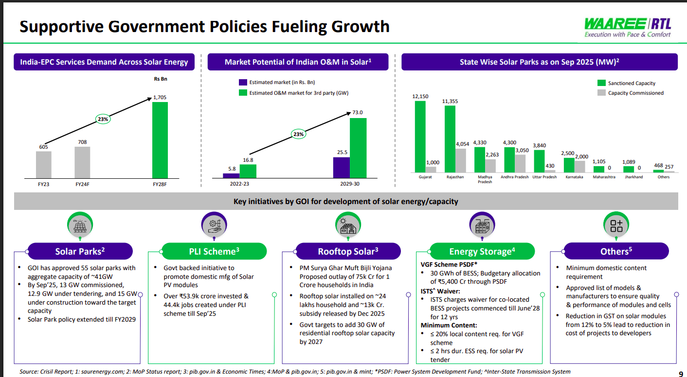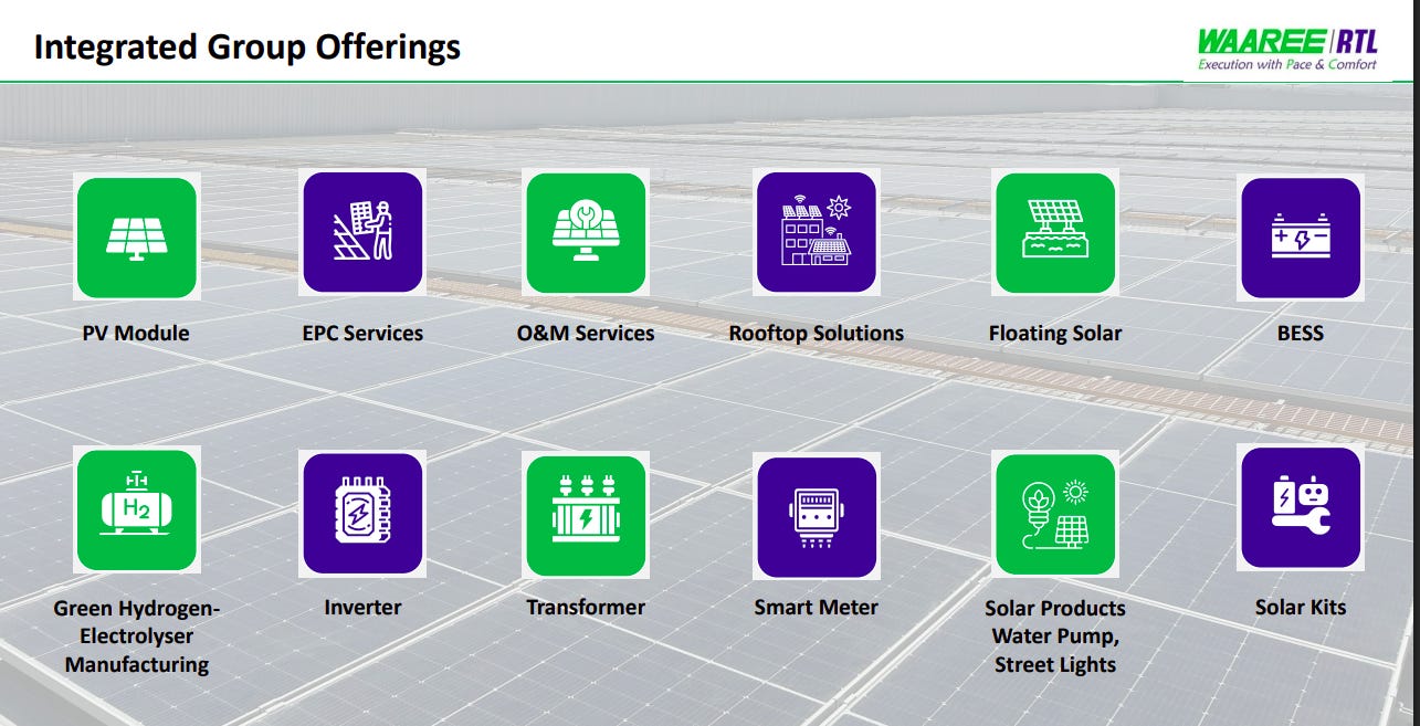 The group offers an end-to-end renewable energy ecosystem spanning PV modules, EPC, O&M, rooftop and floating solar, BESS, and allied equipment. This integrated portfolio positions it to capture value across the full solar and energy transition value chain.
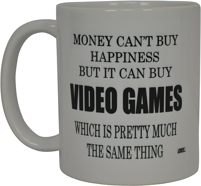 Rogue River Tactical Best Funny Coffee Mug Money Can't Buy Happiness But It Buys Video Games Gamer Video Games Novelty Cup Great Gift Idea For Men or Women
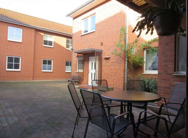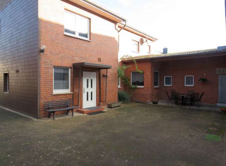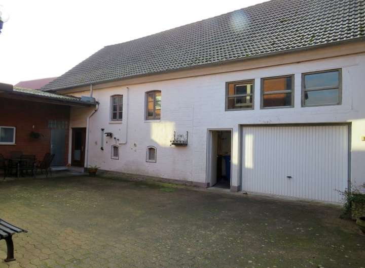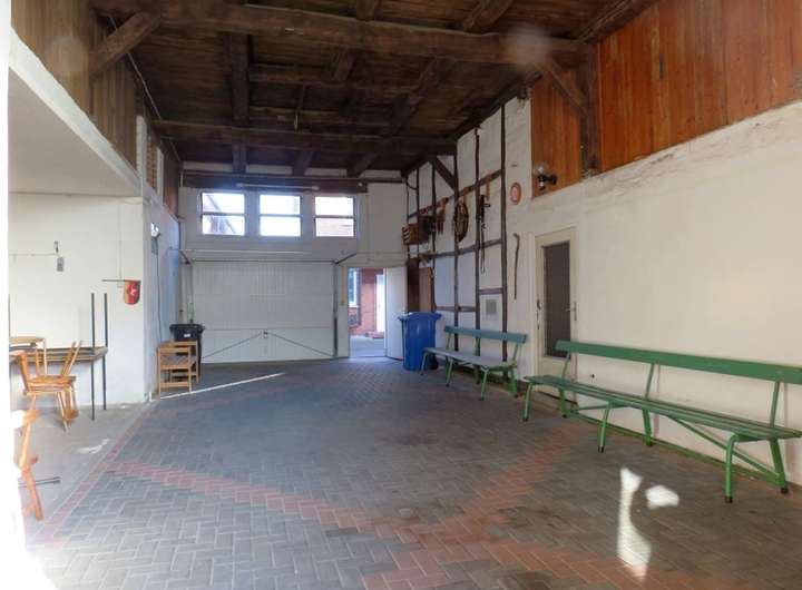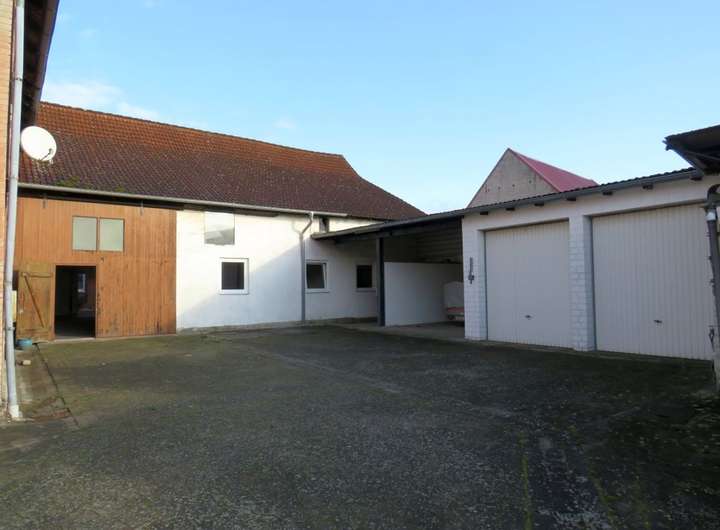 Der Innenhof bildet das verbindende Element zwischen dem Haupthaus und den Nebengebäuden. Hier lädt ein teilüberdachter Außensitzbereich zum Erholen und Verweilen ein. Vom Innenhof aus gelangt man zu den Wirtschaftsräumen und es gibt eine Durchfahrt in den dahinter liegenden Hofbereich. Dort befinden sich zwei Unterstände, zwei Garagen und KFZ-Außenstellplätze. Darüber hinaus ist ein weiteres Nebengebäude mit Partyraum und Außensitzbereich vorhanden. Hier schließt eine Lagerhalle an. Das hinter Grundstück verfügt über eine separate Zufahrt. Diese komplettiert die Außenanlagen und eröffnet vielfältige Nutzungsmöglichkeiten – von privater Freizeitgestaltung bis hin zu gewerblichen Optionen.
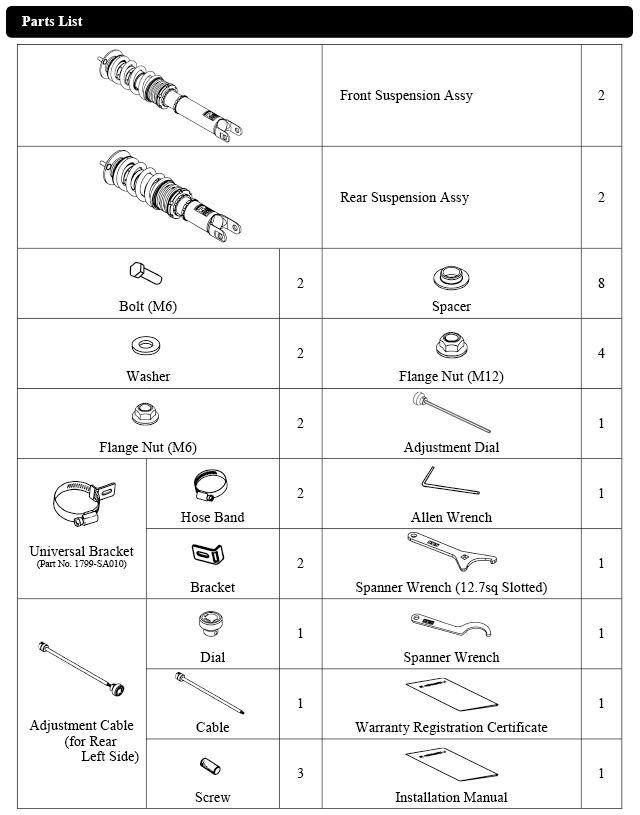 - Features LVS high-strength springs designed for sports driving, delivering both response and ride quality
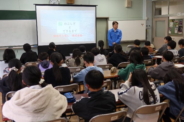 2月27日、鈴木造船株式会社の企業連携出前授業が桜台小学校5年生で実施されました。
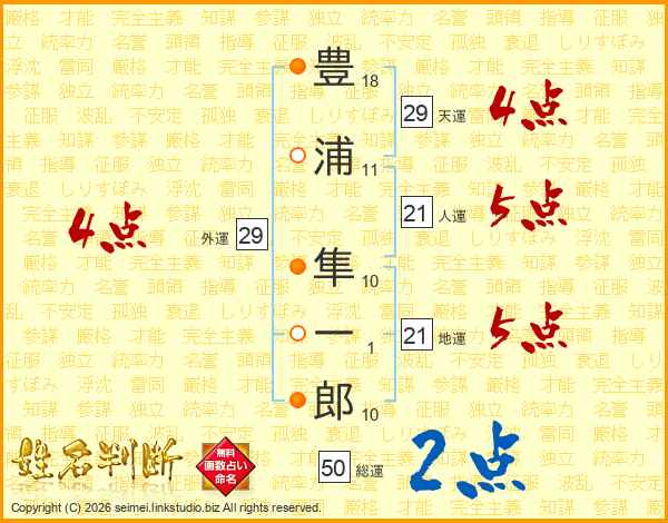 豊(18画)浦(11画) 隼(10画)一(1画)郎(10画)
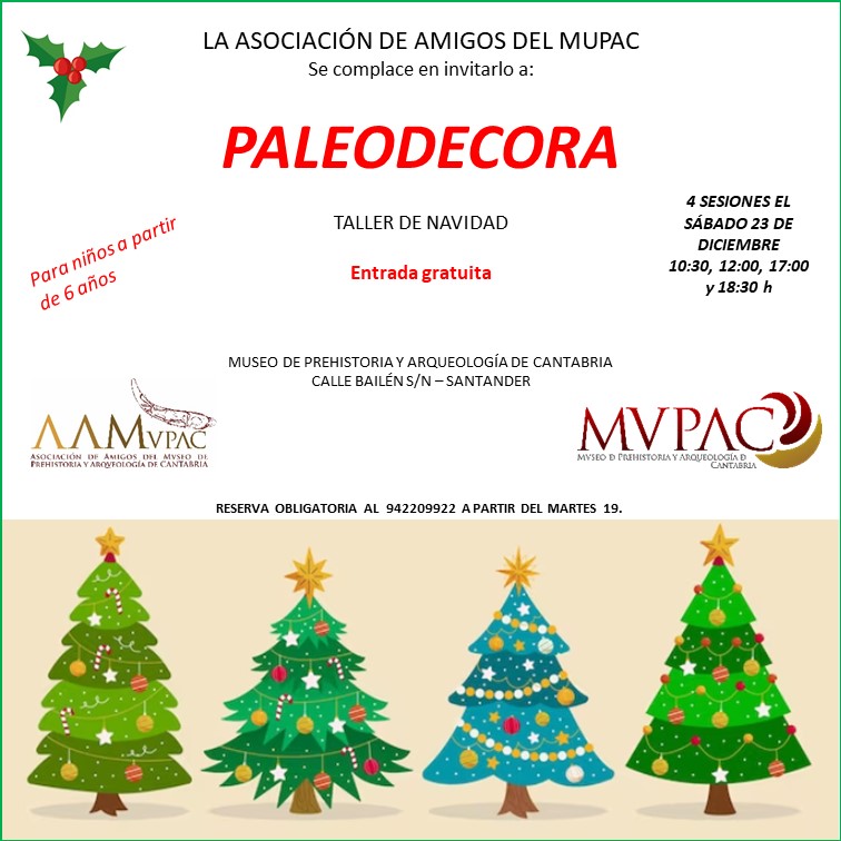 La Asociación Amigos del Museo de Prehistoria y Arqueología de Cantabria organiza el taller infantil de Navidad “Paleodecora”.

# The problem
Give every line of the listing above again, exactly, with no images.

# Your solution
 The group offers an end-to-end renewable energy ecosystem spanning PV modules, EPC, O&M, rooftop and floating solar, BESS, and allied equipment. This integrated portfolio positions it to capture value across the full solar and energy transition value chain.
 Rogue River Tactical Best Funny Coffee Mug Money Can't Buy Happiness But It Buys Video Games Gamer Video Games Novelty Cup Great Gift Idea For Men or Women
 Der Innenhof bildet das verbindende Element zwischen dem Haupthaus und den Nebengebäuden. Hier lädt ein teilüberdachter Außensitzbereich zum Erholen und Verweilen ein. Vom Innenhof aus gelangt man zu den Wirtschaftsräumen und es gibt eine Durchfahrt in den dahinter liegenden Hofbereich. Dort befinden sich zwei Unterstände, zwei Garagen und KFZ-Außenstellplätze. Darüber hinaus ist ein weiteres Nebengebäude mit Partyraum und Außensitzbereich vorhanden. Hier schließt eine Lagerhalle an. Das hinter Grundstück verfügt über eine separate Zufahrt. Diese komplettiert die Außenanlagen und eröffnet vielfältige Nutzungsmöglichkeiten – von privater Freizeitgestaltung bis hin zu gewerblichen Optionen.
 - Features LVS high-strength springs designed for sports driving, delivering both response and ride quality
 2月27日、鈴木造船株式会社の企業連携出前授業が桜台小学校5年生で実施されました。
 豊(18画)浦(11画) 隼(10画)一(1画)郎(10画)
 La Asociación Amigos del Museo de Prehistoria y Arqueología de Cantabria organiza el taller infantil de Navidad “Paleodecora”.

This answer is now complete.